Potential Vulnerabilities Created
AI-generated code has the potential to introduce a range of vulnerabilities that compromise the security, functionality, and integrity of your software applications. Here are a few of the most common vulnerabilities and risks:
Common Security Vulnerabilities
- SQL injection: Failing to sanitize user inputs properly, leaving applications vulnerable to database exploitation
- Cross-site scripting (XSS): Mishandling input validation, allowing attackers to inject malicious scripts into web applications
- Command injection: Handling system commands improperly, allowing attackers to execute arbitrary commands on the server
- Missing input validation: Generating APIs and other components with proper input validation, increasing the risk of injection attacks and data breaches
Business Logic Vulnerabilities
- Authorization bypasses: AI-generated code may omit important authorization checks, allowing attackers to manipulate business processes or gain unauthorized access
- Logic errors: AI-generated code generally lacks contextual understanding of specific business requirements, leading to vulnerabilities that are difficult to detect but enable malicious actors to exploit application-specific logic
Supply Chain Vulnerabilities
- Outdated or vulnerable dependencies: AI tools may reference libraries that contain known vulnerabilities and propagate them in your applications
- Rules file backdoors: Attackers may be able to manipulate configuration files used by AI models to inject malicious instructions, thus creating persistent backdoors that affect future code generation
Data Exposure Risks
- Hardcoded secrets: AI tools may embed API keys, credentials, or other sensitive data directly into the code
- Exposed APIs: AI tools may generate poorly secured APIs that lack authentication or authorization mechanisms
Intellectual Property and Privacy Risks
- Copyright infringement: Models trained on publicly available repositories can assemble code that is very similar to existing software without adhering to licensing terms, putting your IP at risk
- Data leakage: Sensitive information included in training data (such as proprietary codebases) may be reproduced in generated AI outputs
How to Safeguard Against AI-Generated Vulnerabilities
Given the ease and speed with which teams can generate application code using AI, AI-generated code is not going away.

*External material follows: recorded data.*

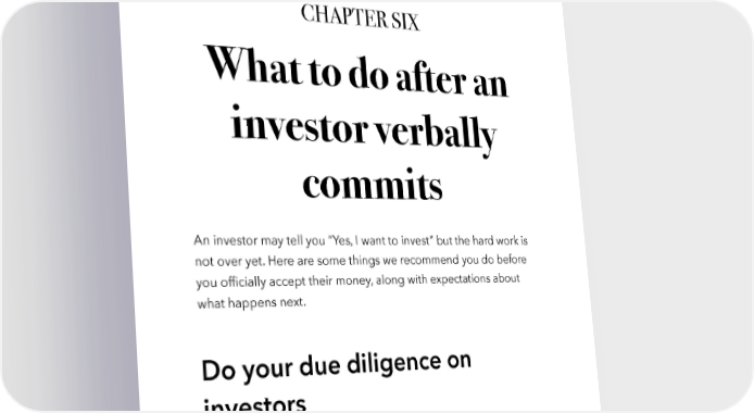 Raise Millions by Hustle Fund VC Page 116 CHAPTER SIX What to do after an investor verbally commits An investor may tell you “Yes, I want to invest” but the hard work is not over yet. Here are some things we recommend you do before you officially accept their money, along with expectations about what happens next. Do your due diligence on investors It’s normal for early-stage startups to grow for 7-10 years before getting acquired or creating an IPO. This means that founders will interact with their investors for a long time. As Eric puts it, you’re hustlefund.vc / @hustlefundvc
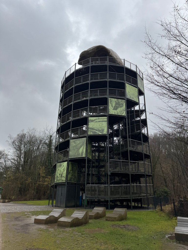 Plötsligt är vi framme, på en stor vidsträckt plats med det 22 meter utsiktstornet Höhlenblick (Grottutsikten) som öppnade 2011. Högst upp har man en fantastisk utsikt över dalgången och platsen där Feldhofer-grottan än en gång lång.
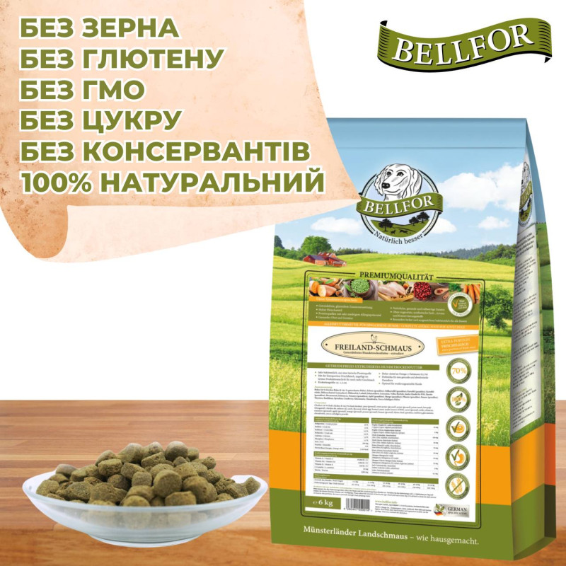 Крафтовий німецький холістик з куркою Bellfor Freiland Schmaus – це високоякісний беззерновий екструдований корм з крокетою
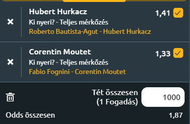 - Fabio Fognini – Corentin Moutet: Ez a meccs is a veterán-fiatal ellentéten dől el elsősorban! Fabio Fognini tapasztalt, kreatív olasz veterán, aki alapvonalról technikás játékával komoly sikereket ért el korábban. Már fénykorában is a salak volt a kedvenc borítása, de játékintelligenciája és technikai tudása miatt minden borításon eredményes tudott lenni. Hátránya a mentális faktor, koncentrációs formája rendkívül hullámzó, hajlamos a hisztire, sőt még a sportszerűtlen beszólogatások sem állnak tőle távol. Már 38 éves és mint az előbbi meccsnél is említettem, a füves pálya igényli a legjobb kondíciót! Corentin Moutet ezzel szemben fiatal, energikus francia játékos, aki rendkívül technikás és kreatív teniszező, repertoárja széles. Emellett nagyon gyors a pályán és mentális téren sokkal kiegyensúlyozottabb, mint Fognini. Ő az esélyese a meccsnek!

Your AppSec team must therefore be prepared to prevent AI-generated vulnerabilities from compromising your applications. To stay ahead of increasingly aggressive software release cycles, AppSec teams need more than traditional security tools and approaches.
Traditional approaches recommend a thorough review of AI-generated code by experienced developers who understand the security implications of the code and broader business logic, but the reality is that checking for known vulnerabilities and verifying that the code adheres to security best practices without automated tools simply isn’t possible. Here are five ways you and your team can quickly and effectively safeguard your code:
- Run Static Application Security Testing (SAST) and software composition analysis (SCA) tools to identify potential vulnerabilities in AI-generated code.
- Adopt secure-by-design approaches to incorporate security considerations from the beginning of the application development process. Adopting secure coding guidelines and training developers in secure coding practices can reduce the likelihood of vulnerabilities being deployed to production environments.
- Monitor for vulnerabilities continuously and apply updates and patches quickly when vulnerabilities are identified, for both AI-generated and human-generated code.
- Use AI to identify and prioritize vulnerabilities in code in order to accelerate the response to and remediation of security threats.
- Use an AI Bill of Materials (AI-BOM) to ensure you have a comprehensive inventory of all the hardware, software, data, and pipeline components in AI systems. Similar to a Software Bill of Materials (SBOM), the AI-BOM is tailored to AI systems to provide transparency, traceability, and security insights into the AI supply chain.